Given data:
══════════════════════════════

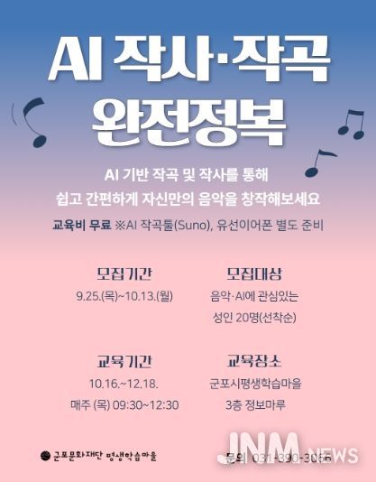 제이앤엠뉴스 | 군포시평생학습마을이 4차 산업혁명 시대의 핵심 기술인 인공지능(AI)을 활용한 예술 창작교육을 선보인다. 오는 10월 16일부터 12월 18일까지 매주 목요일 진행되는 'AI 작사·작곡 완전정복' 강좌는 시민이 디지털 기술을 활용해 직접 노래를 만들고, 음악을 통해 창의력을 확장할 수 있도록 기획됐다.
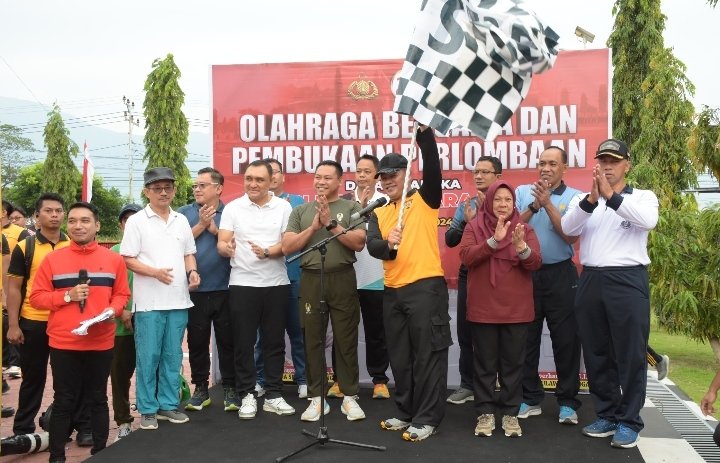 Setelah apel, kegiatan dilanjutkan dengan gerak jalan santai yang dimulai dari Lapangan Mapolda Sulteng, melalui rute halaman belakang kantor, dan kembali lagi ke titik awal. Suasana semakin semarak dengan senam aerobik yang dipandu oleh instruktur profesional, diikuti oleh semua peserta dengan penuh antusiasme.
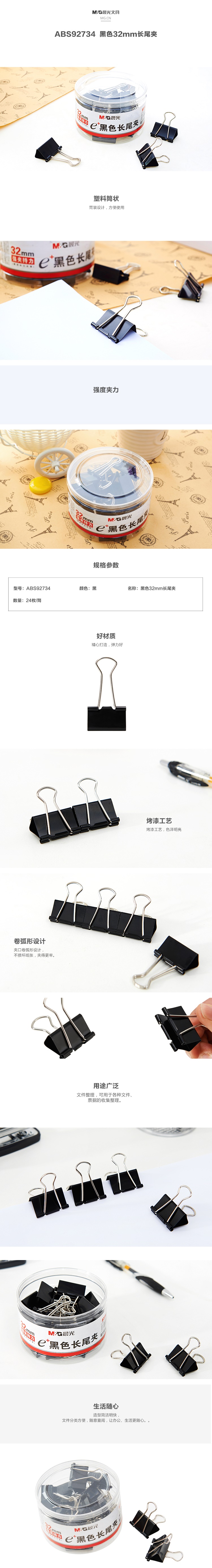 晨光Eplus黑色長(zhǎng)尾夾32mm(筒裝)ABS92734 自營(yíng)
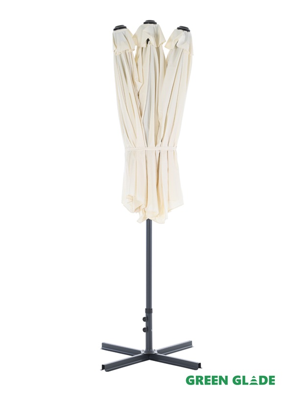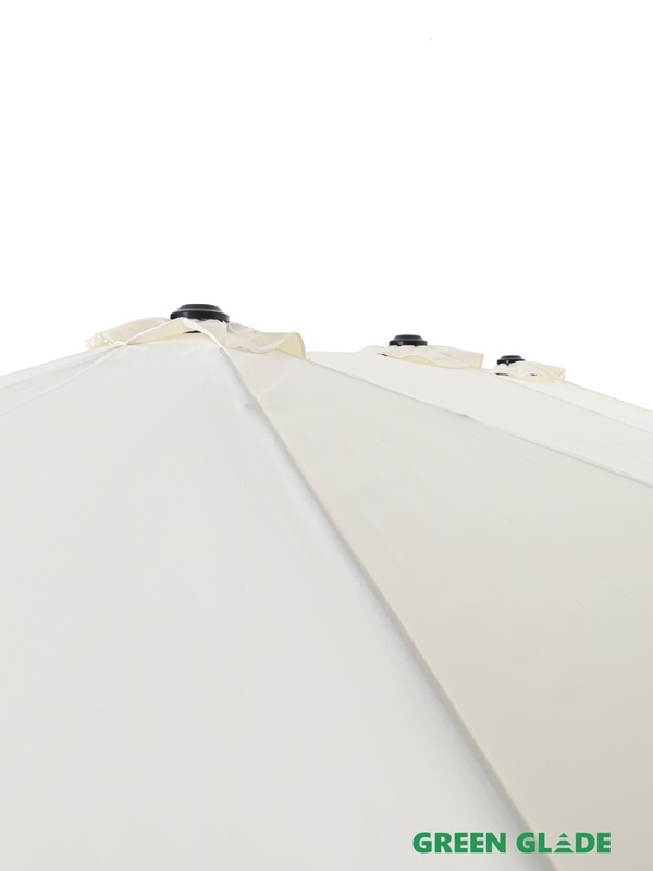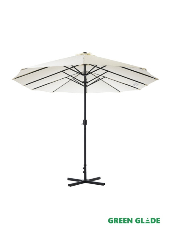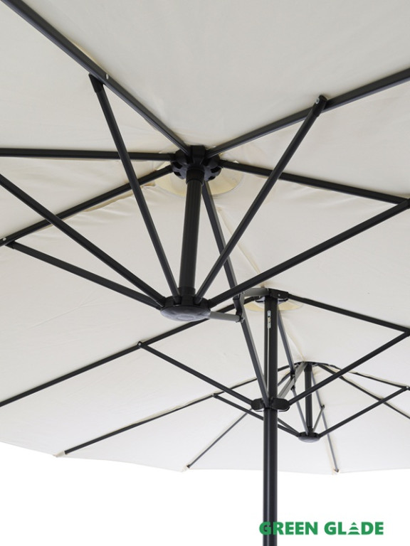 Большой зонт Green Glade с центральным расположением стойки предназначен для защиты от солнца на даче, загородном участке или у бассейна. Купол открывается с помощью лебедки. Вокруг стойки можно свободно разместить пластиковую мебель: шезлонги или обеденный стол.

══════════════════════════════

The first line of the listing through the line with "晨光Eplus黑色長(zhǎ": repeat exactly that span and nothing more, skipping pictures.

Exercise solution:
 제이앤엠뉴스 | 군포시평생학습마을이 4차 산업혁명 시대의 핵심 기술인 인공지능(AI)을 활용한 예술 창작교육을 선보인다. 오는 10월 16일부터 12월 18일까지 매주 목요일 진행되는 'AI 작사·작곡 완전정복' 강좌는 시민이 디지털 기술을 활용해 직접 노래를 만들고, 음악을 통해 창의력을 확장할 수 있도록 기획됐다.
 Setelah apel, kegiatan dilanjutkan dengan gerak jalan santai yang dimulai dari Lapangan Mapolda Sulteng, melalui rute halaman belakang kantor, dan kembali lagi ke titik awal. Suasana semakin semarak dengan senam aerobik yang dipandu oleh instruktur profesional, diikuti oleh semua peserta dengan penuh antusiasme.
 晨光Eplus黑色長(zhǎng)尾夾32mm(筒裝)ABS92734 自營(yíng)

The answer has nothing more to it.